I'm not sure why it doesn't work for you for the character columns. I'd do the same thing, using sum(is.na())
.
To showcase this, lets' recreate the sql_db
table. This time I'm also loading the purrr
package, because I'm in the habit of using the map
family of functions.
library(dplyr)
#>
#> Attaching package: 'dplyr'
#> The following objects are masked from 'package:stats':
#>
#> filter, lag
#> The following objects are masked from 'package:base':
#>
#> intersect, setdiff, setequal, union
library(tidyr)
library(purrr)
sql_db <- tribble(~age, ~sex, ~credit_turnover, ~acct_bal,
23, "f", NaN, 100,
21, "m", 28 , 23,
NaN, "f", 64, 46,
28, "f", NaN, 87,
41, "m", 35 , NaN)
So here we use a map
type function for summing the 1
s / TRUE
s together for each column in the dataframe. Specifically we're using the map_dbl
function because we want the function to return a double / numeric vector.
sql_db %>%
map_dbl(~sum(is.na(.)))
#> age sex credit_turnover acct_bal
#> 1 0 2 1
If we were to add an NA to first two values in the the sex column. You can see that this also works, even though sex
is a character variable.
sql_db$sex[1:2] <- NA
sql_db %>%
map_dbl(~sum(is.na(.)))
#> age sex credit_turnover acct_bal
#> 1 2 2 1
What I'm guessing could be the problem is that perhaps the "NA"s in your character variables aren't actually NA
values, but rather character strings containing the characters "NA".
sql_db$sex[1:2] <- "NA"
sql_db
#> # A tibble: 5 x 4
#> age sex credit_turnover acct_bal
#> <dbl> <chr> <dbl> <dbl>
#> 1 23 NA NaN 100
#> 2 21 NA 28 23
#> 3 NaN f 64 46
#> 4 28 f NaN 87
#> 5 41 m 35 NaN
sql_db %>%
map_dbl(~sum(is.na(.)))
#> age sex credit_turnover acct_bal
#> 1 0 2 1
If this is the case then the is.na()
function won't count them, as they're not actual NA
s as far as R can tell. So we need to tell R that strings consisting of the characters "NA" should be NA
.
So here we use a mutate_if
function to say that if a column is a character column we will change that character column in a way that makes values NA
if they simply consist of the characters "NA".
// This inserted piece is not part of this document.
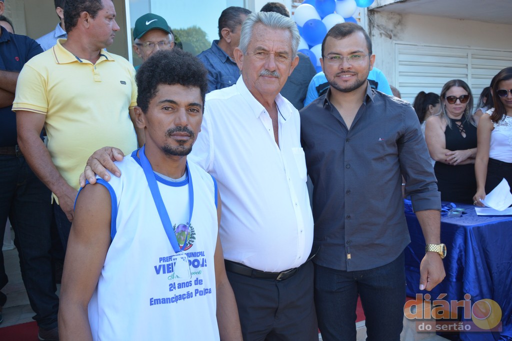 Em seguida, dezenas de competidores da 5ª Maratona de Vieirópolis, promovida pela Prefeitura, receberam medalhas e prêmios em dinheiro como valorização do esporte amador da cidade.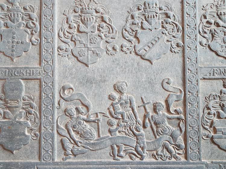 Deze ‘freule van Munster’ moeten we zoeken in de bewoningsgeschiedenis van de borg Ten Ham (ook wel Duirsum) bij Loppersum. 3 Bawina Heemster († 1540) was gehuwd met Roelof van Munster. Hun gelijknamige zoon huwde Maria van Selbach († 1576). De grafzerken van Bawina en haar schoondochter bevinden zich nog steeds in de Lopster kerk.4 Zou het feit dat twee van de vrouwen in de allegorische voorstell ing op Maria’s zerk het haar in een vlecht dragen de aanleiding zijn geweest om juist haar onderwerp te maken van de mythe?

sql_db$sex[1:2] <- "NA" # Again, this isn't an actual NA
sql_db %>%
mutate_if(is.character,
~na_if(., "NA")) %>% # Here we make them actual NA values.
map_dbl(~sum(is.na(.)))
#> age sex credit_turnover acct_bal
#> 1 2 2 1
Here's hoping that this actually helps you. Best of luck and let me know if this is not what's causing the problem.